> [WHAT THIS TASK INVOLVES]
Leave the images out and repeat the data exactly as given.

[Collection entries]
________________

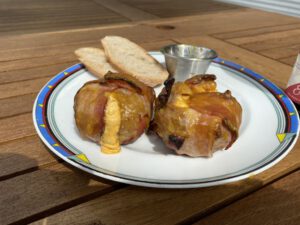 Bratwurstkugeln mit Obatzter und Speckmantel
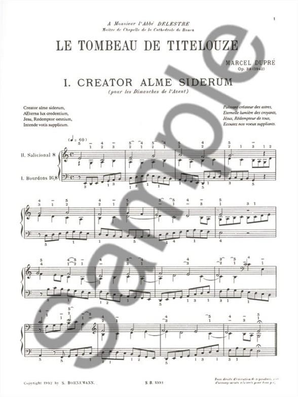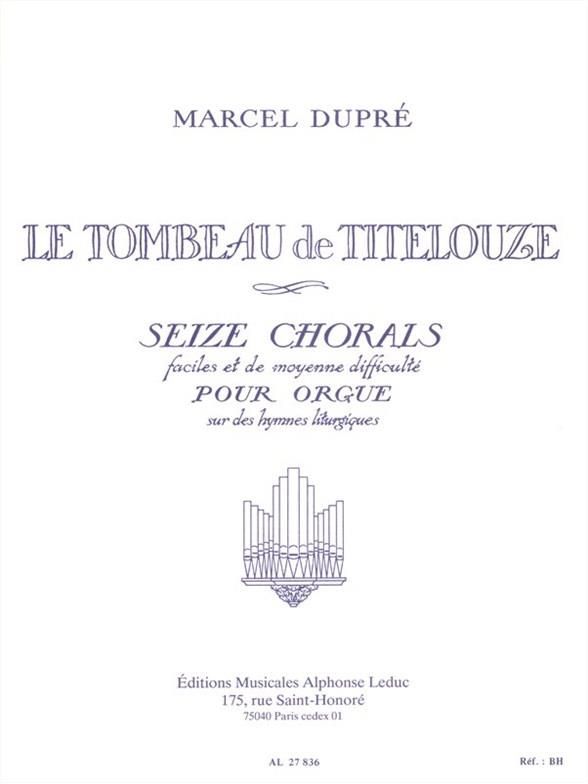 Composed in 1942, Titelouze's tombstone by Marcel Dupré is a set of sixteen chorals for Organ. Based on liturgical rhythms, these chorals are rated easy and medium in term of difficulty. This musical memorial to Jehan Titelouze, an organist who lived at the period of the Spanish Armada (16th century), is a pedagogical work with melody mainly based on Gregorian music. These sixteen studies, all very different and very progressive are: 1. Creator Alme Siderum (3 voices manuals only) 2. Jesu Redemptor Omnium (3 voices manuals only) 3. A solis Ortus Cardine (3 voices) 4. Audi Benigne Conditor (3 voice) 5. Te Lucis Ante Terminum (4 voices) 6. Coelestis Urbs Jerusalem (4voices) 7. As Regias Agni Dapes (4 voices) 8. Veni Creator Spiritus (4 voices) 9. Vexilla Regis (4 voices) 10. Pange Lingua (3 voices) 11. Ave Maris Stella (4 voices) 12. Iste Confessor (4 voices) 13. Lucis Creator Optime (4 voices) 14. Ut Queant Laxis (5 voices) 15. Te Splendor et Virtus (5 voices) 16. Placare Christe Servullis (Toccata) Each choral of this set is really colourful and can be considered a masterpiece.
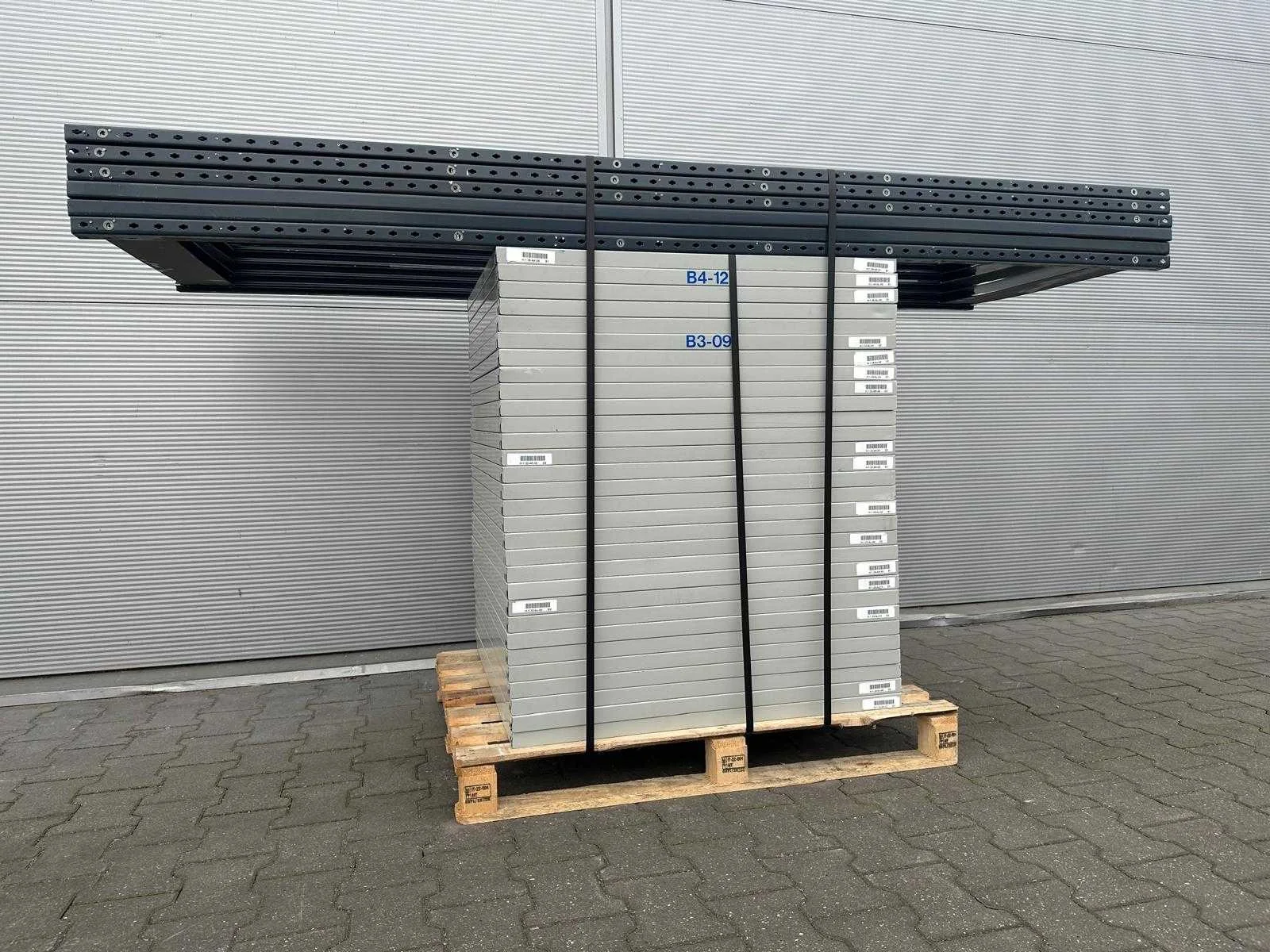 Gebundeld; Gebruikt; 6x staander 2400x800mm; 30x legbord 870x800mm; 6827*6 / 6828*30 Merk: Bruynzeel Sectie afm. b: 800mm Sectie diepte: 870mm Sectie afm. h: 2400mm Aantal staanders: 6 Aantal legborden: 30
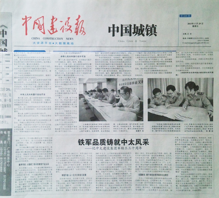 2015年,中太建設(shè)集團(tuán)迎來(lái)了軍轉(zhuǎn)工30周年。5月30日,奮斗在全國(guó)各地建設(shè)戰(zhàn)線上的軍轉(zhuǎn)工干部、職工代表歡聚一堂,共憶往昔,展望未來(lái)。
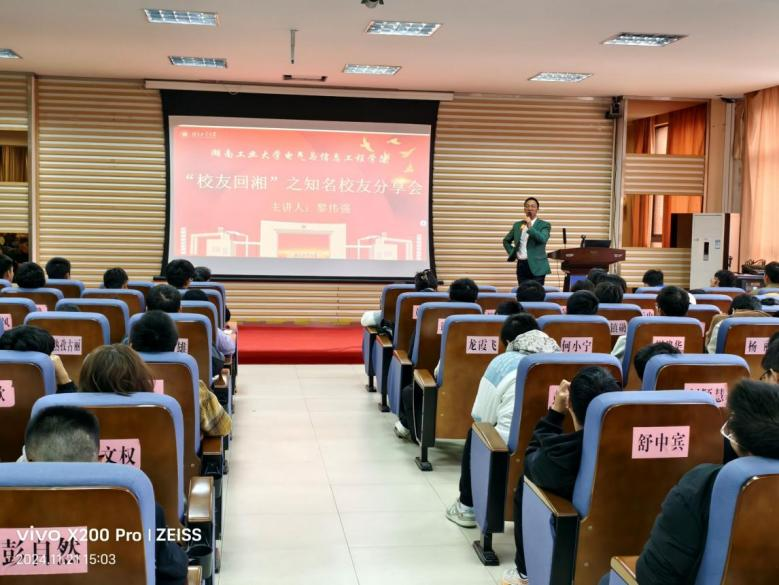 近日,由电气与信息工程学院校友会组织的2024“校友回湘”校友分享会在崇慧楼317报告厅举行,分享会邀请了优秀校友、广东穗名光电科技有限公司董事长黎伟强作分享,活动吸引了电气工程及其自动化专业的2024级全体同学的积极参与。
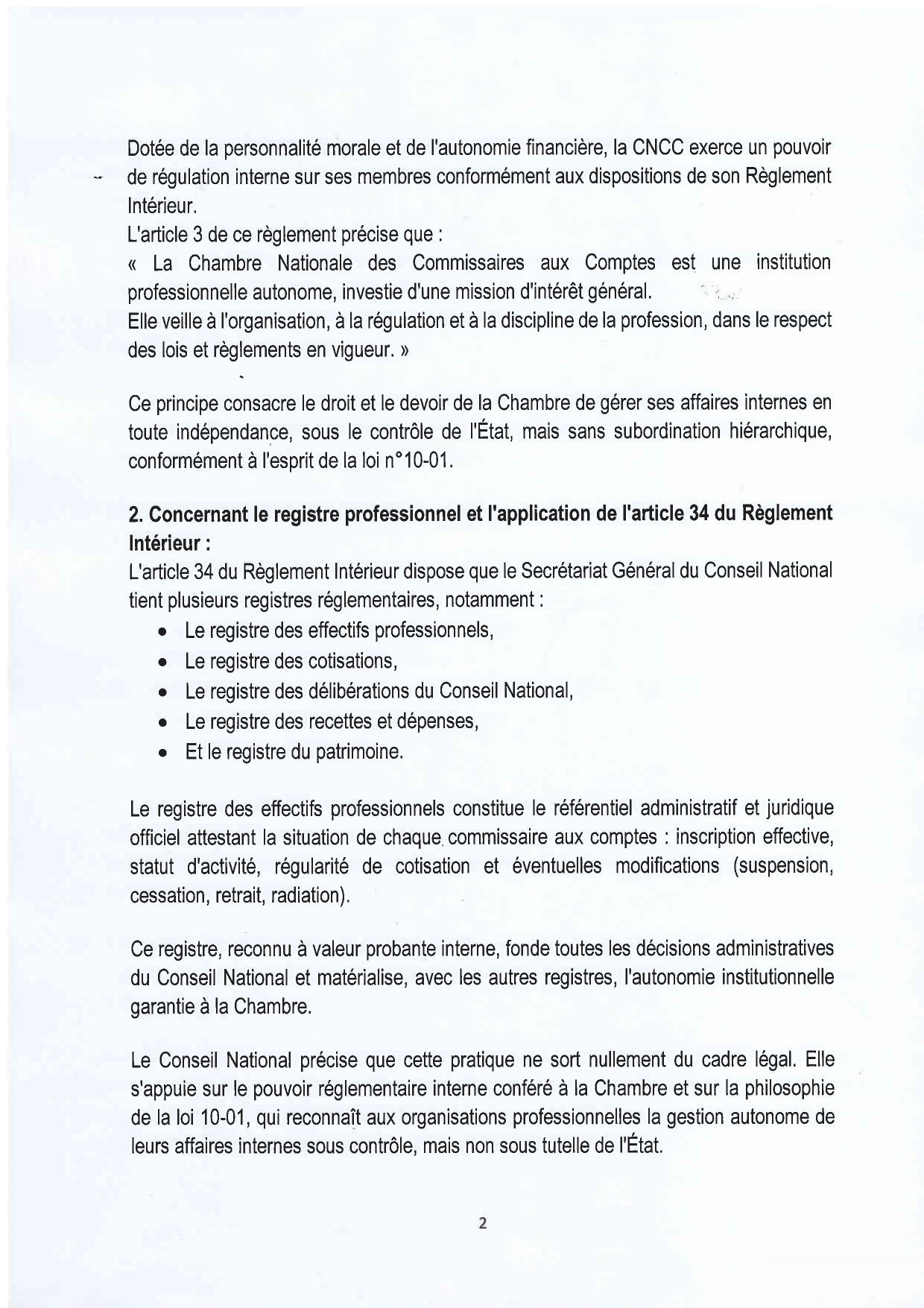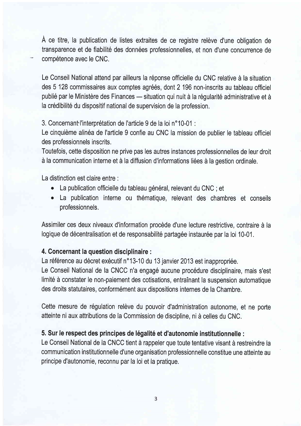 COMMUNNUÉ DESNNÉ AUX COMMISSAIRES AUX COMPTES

________________

> [YOUR SOLUTION]
 Bratwurstkugeln mit Obatzter und Speckmantel
 Composed in 1942, Titelouze's tombstone by Marcel Dupré is a set of sixteen chorals for Organ. Based on liturgical rhythms, these chorals are rated easy and medium in term of difficulty. This musical memorial to Jehan Titelouze, an organist who lived at the period of the Spanish Armada (16th century), is a pedagogical work with melody mainly based on Gregorian music. These sixteen studies, all very different and very progressive are: 1. Creator Alme Siderum (3 voices manuals only) 2. Jesu Redemptor Omnium (3 voices manuals only) 3. A solis Ortus Cardine (3 voices) 4. Audi Benigne Conditor (3 voice) 5. Te Lucis Ante Terminum (4 voices) 6. Coelestis Urbs Jerusalem (4voices) 7. As Regias Agni Dapes (4 voices) 8. Veni Creator Spiritus (4 voices) 9. Vexilla Regis (4 voices) 10. Pange Lingua (3 voices) 11. Ave Maris Stella (4 voices) 12. Iste Confessor (4 voices) 13. Lucis Creator Optime (4 voices) 14. Ut Queant Laxis (5 voices) 15. Te Splendor et Virtus (5 voices) 16. Placare Christe Servullis (Toccata) Each choral of this set is really colourful and can be considered a masterpiece.
 Gebundeld; Gebruikt; 6x staander 2400x800mm; 30x legbord 870x800mm; 6827*6 / 6828*30 Merk: Bruynzeel Sectie afm. b: 800mm Sectie diepte: 870mm Sectie afm. h: 2400mm Aantal staanders: 6 Aantal legborden: 30
 2015年,中太建設(shè)集團(tuán)迎來(lái)了軍轉(zhuǎn)工30周年。5月30日,奮斗在全國(guó)各地建設(shè)戰(zhàn)線上的軍轉(zhuǎn)工干部、職工代表歡聚一堂,共憶往昔,展望未來(lái)。
 近日,由电气与信息工程学院校友会组织的2024“校友回湘”校友分享会在崇慧楼317报告厅举行,分享会邀请了优秀校友、广东穗名光电科技有限公司董事长黎伟强作分享,活动吸引了电气工程及其自动化专业的2024级全体同学的积极参与。
 COMMUNNUÉ DESNNÉ AUX COMMISSAIRES AUX COMPTES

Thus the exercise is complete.